Für Arne Vogelgesang ist alles zu spät

In Klimafragen ist der Homo Ludens unverbesserlich. Den Videokünstler Arne Vogelgesang treibt das in seiner Lectureperformance „Es ist zu spät“ zu einer wütenden Klimarede, die in Theaterbashing endet.

„Wie ist denn die Lage? Die Medienwelt hat uns alle in Zuschauende verwandelt. Die ganze Welt ist unsere Bühne und ihr Kollaps ist ein Genuss. Theater hat Anteil daran, diesen Zusammenbruch konsumierbar zu machen und das ist falsch.“

Arne Vogelgesang reenacted in seinem Solo einen Auftritt vor wenigen Jahren in einem Berliner Off-Theater. Vogelgesang zeigt die Sinnlosigkeit der Appelle als ein Problem ihrer Form, ihrer medialen Eitelkeit. Wir sehen die theatrale Version des klassischen Youtube-Influencers, der sich vor seiner Kamera aufbaut und Überzeugungen performt. Vogelgesang zeigt beides: Engagement der Gedanken und ihre Vernichtung qua Medialität. Für ihn ist dieses Reden über die Klimakatastrophe Teil des Problems.

Digitaler Lunapark (Abb. Das House minus.eins)

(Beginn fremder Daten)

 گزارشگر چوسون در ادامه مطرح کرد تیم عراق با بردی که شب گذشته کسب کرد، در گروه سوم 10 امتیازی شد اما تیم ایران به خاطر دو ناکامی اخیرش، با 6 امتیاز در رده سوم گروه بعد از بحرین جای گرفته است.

Ganz auf die Präsenz menschlicher Performer auf dem digitalen Bildschirm verzichtet ein ans Dortmunder Theater angedocktes Projekt „Das House 0.1“. Hier wandern von der Zuschauerin oder dem Zuschauer über die Tastatur gesteuerten Avatare durch einen virtuellen Lunapark voller skurriler architektonischer Modelle und Klanglandschaften.

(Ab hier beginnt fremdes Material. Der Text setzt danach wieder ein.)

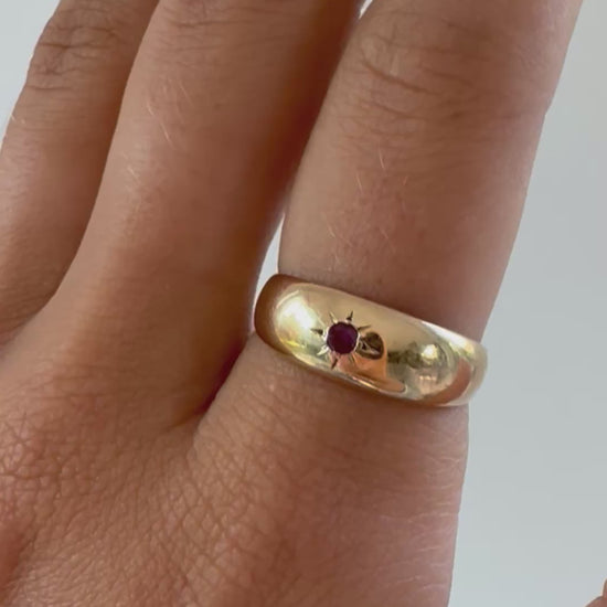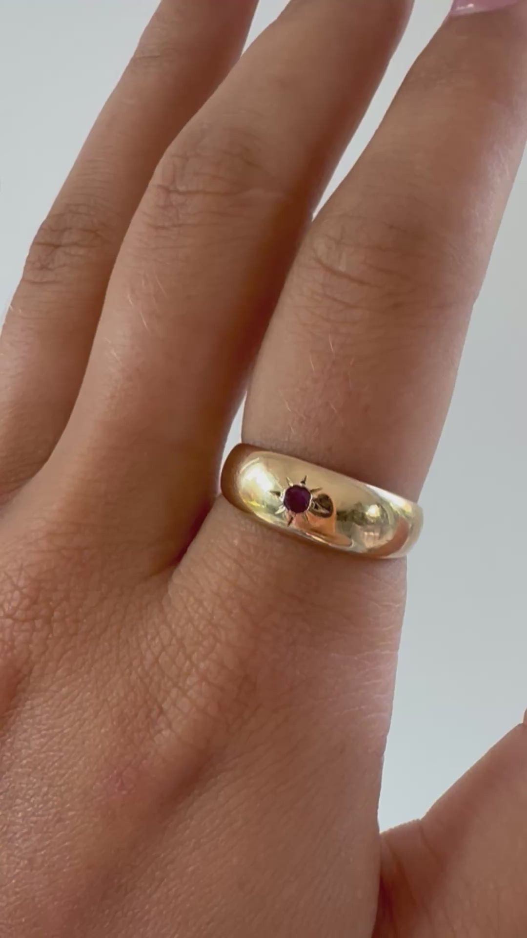 Ein edwardianischer Gypsy-Ring aus massivem 18kt Gelbgold, gefertigt 1905 in Birmingham. Im Zentrum funkelt ein alter Rubin im Sternenschliff – ein klassisches Detail, das Gypsy-Ringe so zeitlos macht. Die sanft gewölbte Ringschiene verleiht dem Stück seinen markanten Charakter und hohen Tragekomfort.

„Damit wir uns auch und alles verstehen tun, die Vögel fein auch in schönen Augenblicken…“

Hypnotisch ist das vor allem aufgrund der Klangwelt. Die Wirkung entfaltet sich so auch für Menschen, die keine VR-Brille aufgesetzt haben. Vor allem die Gewerke Bühnenbild, Schauspiel und Kostüm waren an diesem virtuellen Theater kreativ beteiligt. Aber das kann nichts an der Tatsache ändern, dass der Oberspielleiter hier letztlich ein Codierer ist, der mit Algorithmen ringt.

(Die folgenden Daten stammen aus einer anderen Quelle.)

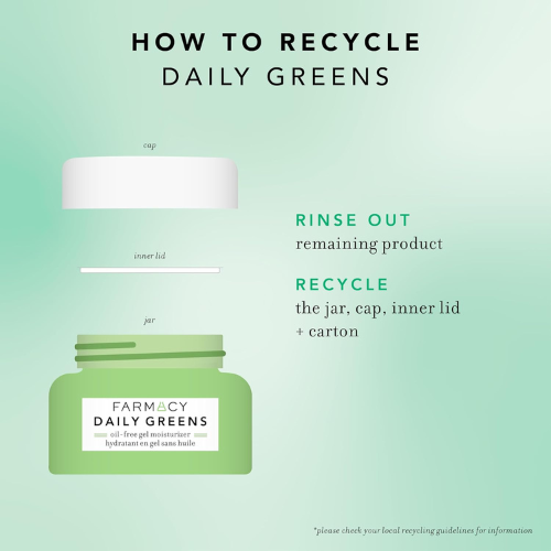“About the Moisturizer Start every morning the right way with the silky smooth Daily Greens facial moisturizer. The gel is oil-free, silicone-free, and delivers lightweight, lasting hydration without leaving skin feeling greasy. This vegan, cruelty-free formula contains hyaluronic acid and a blend of phytonutrients known to help clear pores and reduce unwanted shine. [1.7 fl.oz / 50ml] Moringa Seed Extract & Moringa Water: Purify and refresh skin by removing impurities caused by pollution. Refreshing and lightweight formula helps soothe minor irritations. About Farmacy Farmer Cultivated & Scientist Activated. We use cutting-edge science to harness the healing powers of ingredients found in nature. The result is farm-to-face skincare that lives up to its full potency and potential through clean, thoughtful formulas.”

Als Menschen treten wiederum die fünf aus Venezuela stammenden Frauen auf, die an verschiedenen Orten in Europa und Südamerika im Exil leben. In Zoom-Konferenzen haben sie ihr dokumentartheatrales „Las Travesías“ entwickelt: Geschichten der Migration auf dem flächigen Splitscreen der Videokonferenz. Virtualität erlaubt ein Geflecht des Erfahrungsaustausches über Lebenslinien, schafft Verbindungen die sonst nicht möglich wären wäre. „Stages Unboxed“ zeigt völlig unterschiedliche Ansätze digitalen Theaters, überzeugende Experimente und Misslungenes. Klar ist nur All das wird uns auch nach der Pandemie begleiten.